GIVEN RECORDS:
++++

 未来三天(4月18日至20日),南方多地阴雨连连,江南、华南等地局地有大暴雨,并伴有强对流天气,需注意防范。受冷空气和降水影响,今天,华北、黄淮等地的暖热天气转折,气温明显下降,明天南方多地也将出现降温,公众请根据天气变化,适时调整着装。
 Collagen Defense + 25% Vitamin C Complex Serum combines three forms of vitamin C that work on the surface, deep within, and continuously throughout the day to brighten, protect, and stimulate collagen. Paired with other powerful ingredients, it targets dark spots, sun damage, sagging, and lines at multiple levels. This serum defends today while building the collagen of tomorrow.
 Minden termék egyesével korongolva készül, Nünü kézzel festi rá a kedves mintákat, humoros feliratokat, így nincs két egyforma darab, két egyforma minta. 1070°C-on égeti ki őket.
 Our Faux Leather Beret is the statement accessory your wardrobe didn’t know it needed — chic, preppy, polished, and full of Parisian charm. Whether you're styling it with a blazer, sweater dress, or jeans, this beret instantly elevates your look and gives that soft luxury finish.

++++

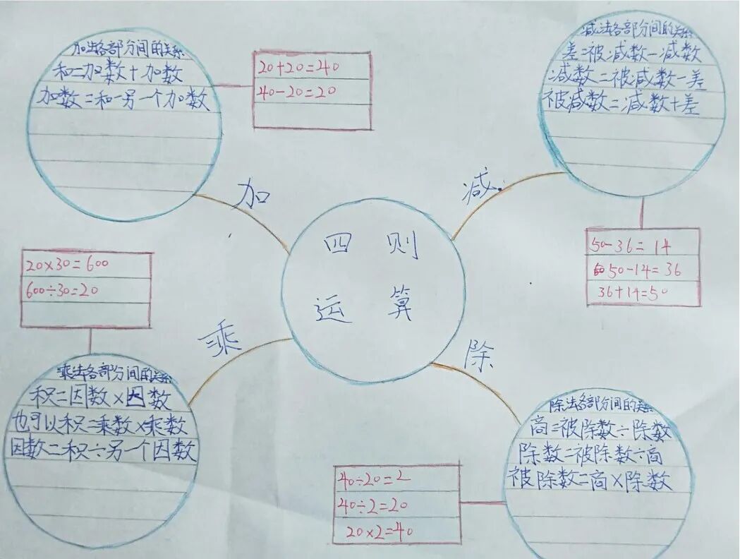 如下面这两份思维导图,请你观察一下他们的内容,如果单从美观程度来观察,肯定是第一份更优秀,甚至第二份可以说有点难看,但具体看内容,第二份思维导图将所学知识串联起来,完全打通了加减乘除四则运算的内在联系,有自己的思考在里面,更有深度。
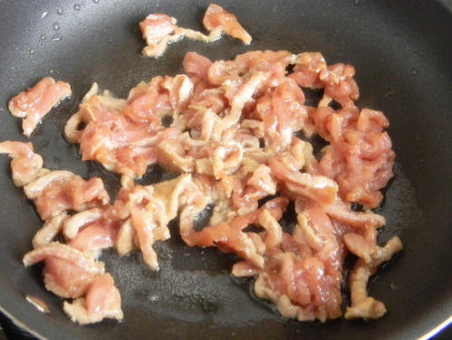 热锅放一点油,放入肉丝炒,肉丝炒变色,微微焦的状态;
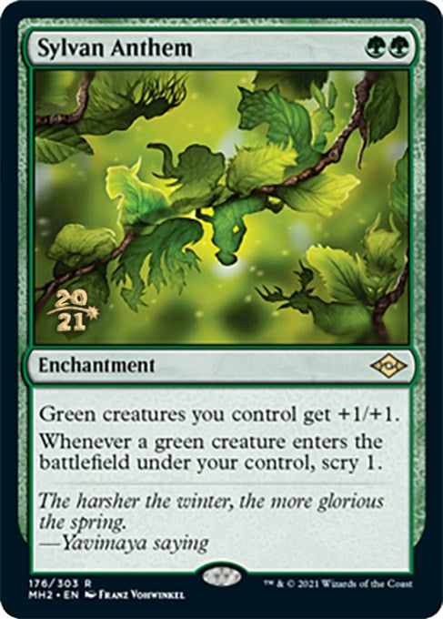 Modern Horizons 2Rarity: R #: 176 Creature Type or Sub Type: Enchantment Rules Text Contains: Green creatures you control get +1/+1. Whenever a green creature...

++++

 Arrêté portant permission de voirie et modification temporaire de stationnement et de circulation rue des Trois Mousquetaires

++++

TASK TO COMPLETE: Could you repeat exactly the lines above from the line with "未来三天(4月18日至20日" up to and including the line with "Our Faux Leather", and only those?

RESULT BELOW:
 未来三天(4月18日至20日),南方多地阴雨连连,江南、华南等地局地有大暴雨,并伴有强对流天气,需注意防范。受冷空气和降水影响,今天,华北、黄淮等地的暖热天气转折,气温明显下降,明天南方多地也将出现降温,公众请根据天气变化,适时调整着装。
 Collagen Defense + 25% Vitamin C Complex Serum combines three forms of vitamin C that work on the surface, deep within, and continuously throughout the day to brighten, protect, and stimulate collagen. Paired with other powerful ingredients, it targets dark spots, sun damage, sagging, and lines at multiple levels. This serum defends today while building the collagen of tomorrow.
 Minden termék egyesével korongolva készül, Nünü kézzel festi rá a kedves mintákat, humoros feliratokat, így nincs két egyforma darab, két egyforma minta. 1070°C-on égeti ki őket.
 Our Faux Leather Beret is the statement accessory your wardrobe didn’t know it needed — chic, preppy, polished, and full of Parisian charm. Whether you're styling it with a blazer, sweater dress, or jeans, this beret instantly elevates your look and gives that soft luxury finish.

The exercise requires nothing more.